Порядок их представления читателю не совсем случаен. Он подобен
воспоминаниям о богатой событиями жизни. Каждое из них вызывает неожиданный
поворот памяти, перескакивающей через годы от одного воспоминания к другому,
согласно своей собственной логике. В книге несколько таких последовательных
цепочек, и они разделены в тексте более заметно, чем отдельные "сюжеты".
Каждый сюжет представляет собою нечто законченное. Но книгу нужно читать
целиком: это с виду бессистемное ознакомительное путешествие, но общее
впечатление от него поможет лучше понять Эйнштейна как человека.

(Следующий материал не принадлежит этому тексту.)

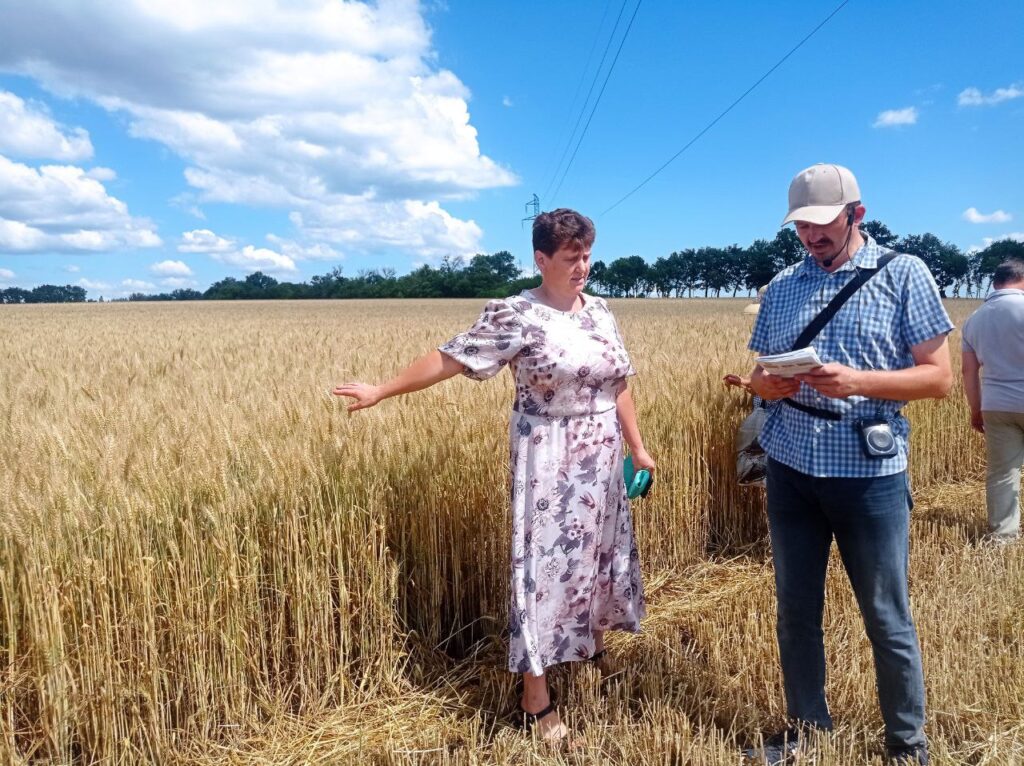 Огляд демонстраційних посівів сортів пшениці озимої провів Володимир Расевич, заступник директора Черкаської ДСДС, канд. с.-г.н., спільно з делегатами від оригінаторів – ННЦ «ІЗ НААН», МІП, СГІ НЦС, ІФРіГ. На полігоні представлено посіви восьми сортів пшениці озимої, із них один сорт твердої й сім – м’якої пшениці. Володимир Валентинович доповів щодо погодних умов 2024 сільськогосподарського року, звернув увагу на дуже суттєвий дефіцит опадів у регіоні, а також зупинився на технологічних прийомах збереження вологи в ґрунті, які дозволяють сформувати гарний урожай.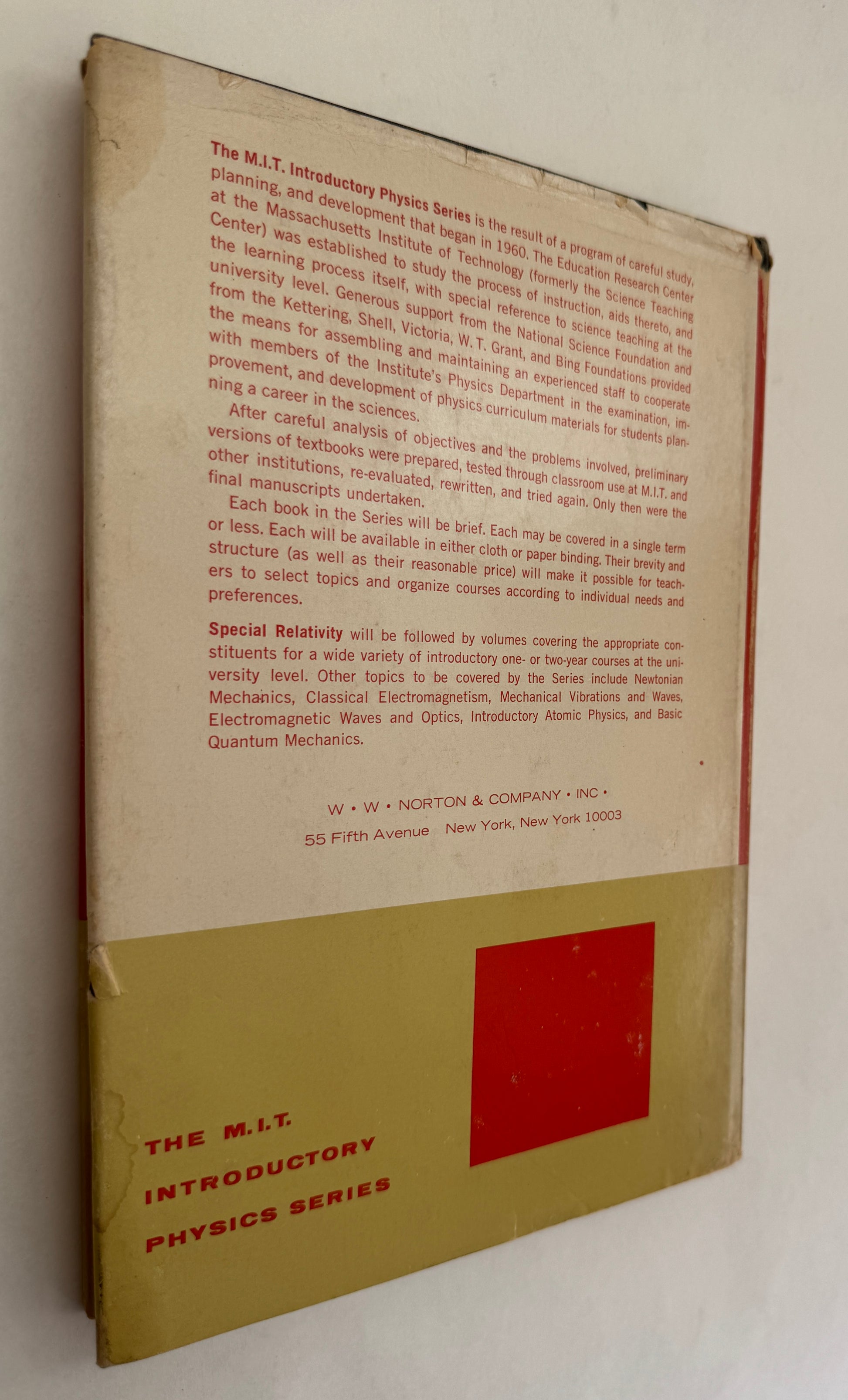 Part of the M.I.T. Introductory Physics Series. The book opens with a description of the smooth transition from Newtonian to Einsteinian behaviour from electrons as their energy is progressively increased, and this leads directly to the relativistic expressions for mass, momentum and energy of a particle.Contents: Departures from Newtonian dynamics. Perplexities in the propagation of light. Einstein and the Lorentz-Einstein transformations. Relativity and the measurement of lengths and time intervals. Relativistic kinematics. Relativistic dynamics. collisions and conservation laws. More about relativistic dynamics. Relativity and electricity.

Для тех, кому нужна схема маршрута, прилагаем в конце книги краткую
хронологию основных событий жизни Эйнштейна.
Книгу об Эйнштейне уместно начать с нарушения сразу трех правил. Мы
расскажем о письме, которое, во-первых, осталось без ответа; во-вторых, для
его пояснения понадобятся подстраничные сноски; в-третьих, это письмо уже
публиковалось ранее.

Летом 1952 г. Карл Зеелиг, биограф Эйнштейна, попросил его сообщить
подробности о первой почетной докторской степени. В своем ответе Эйнштейн
рассказал о событиях 1909 г.; в ту пору он по-прежнему зарабатывал на жизнь
в Швейцарском патентном бюро в Берне, хотя еще за четыре года до этого
выступил со специальной теорией относительности. Летом 1909 г. Женевский
университет, основанный Кальвином, в ознаменование своего 350-летия присудил
свыше ста почетных докторских степеней, Вот что написал об этом Эйнштейн:

"Однажды в бернском патентном бюро мне вручили большой конверт, в
который был вложен лист великолепной бумаги. На нем весьма-весьма колоритно
(я подумал,
что по латыни) (На самом деле -- по-французски, прописными буквами) был
напечатан какой-то текст, показавшийся мне неинтересным и не имеющим ко мне
отношения. Поэтому он тут же отправился в корзину для мусора. Позже я узнал,
что это приглашение на кальвиновские торжества и извещение о присуждении
степени почетного доктора Женевского университета (В этом выразительном
документе была опечатка, которая, возможно, запечатлелась в подсознании
Эйнштейна и повлияла на его реакцию: получатель ученой степени был обозначен
не как "Эйнштейн", а как "Тинштейн"). Видимо, в университете правильно
истолковал мое молчание и обратились к моему другу Люсьену Шавану, который
был родом из Женевы, но жил в Берне. Он убедил меня поехать в Женеву, потому
что это было практически неизбежно, но не посвятил в подробности.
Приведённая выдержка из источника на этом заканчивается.